I need money badly. An intermediary said that lending the house in my name can get hundreds of thousands. Is it reliable?
This kind of loan method, because it is suspected of fraudulently packaging loans, and there will be high intermediary fees, many people can't repay in the end, making their personal credit information a black household and carrying a debt. This way is not reliable.
With the development of economy, people will involve loans in their daily lives. Many people need money badly, but they don't meet the requirements of banks. They can only find some intermediaries, but many intermediaries are liars. They just want to make money from it, regardless of the customer's situation. Eventually, customers will be heavily in debt, which will affect their lives.
First, the qualification of packaging loans is suspected of fraudulent loans, and there will be various risks.
When people need money in their daily lives, they usually borrow from formal financial institutions, but formal institutional loans require personal qualifications. Some people can't borrow money from financial institutions without real estate license, so they can only find personal intermediary. In order to make money, these personal intermediaries will try their best to package loan customers and transfer the property to personal names. They are suspected of lending and have violated relevant laws. So it is best not to adopt this method, otherwise they will take great risks.
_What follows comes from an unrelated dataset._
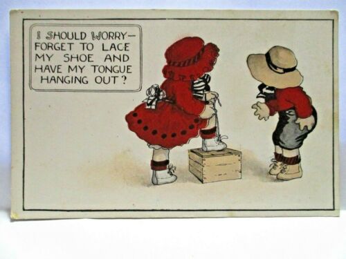 1910 POSTCARD BOY & GIRL IN HATS, I SHOULD WORRY,FORGET TO LACE MY SHOE

Second, the intermediary charges are expensive, and the inability to repay will affect personal credit information.
Intermediaries take the form of packaging customers and borrow a lot from banks. Although individuals have alleviated their urgent needs, they need to pay a high intermediary fee to the intermediary. Moreover, this kind of loan is a short-term loan. Once customers are unable to repay, they will bear huge loans, personal credit information will be affected, and their lives will be greatly affected.
Third, don't trust personal intermediaries. Loans need to go to formal institutions.
When people need large loans, it is best to go to formal institutions for loans, so that they will not bear huge interest and risks. Financial intermediaries in the market are all for making money. They won't cheat loans from banks through various operations based on the actual situation of customers, so they won't take care of lenders, which will affect personal credit information and make borrowers bear debts for a long time.
Personal loans should not be trusted by such financial intermediaries, but should be lent to formal institutions. If you have other views on this, please leave a message for discussion.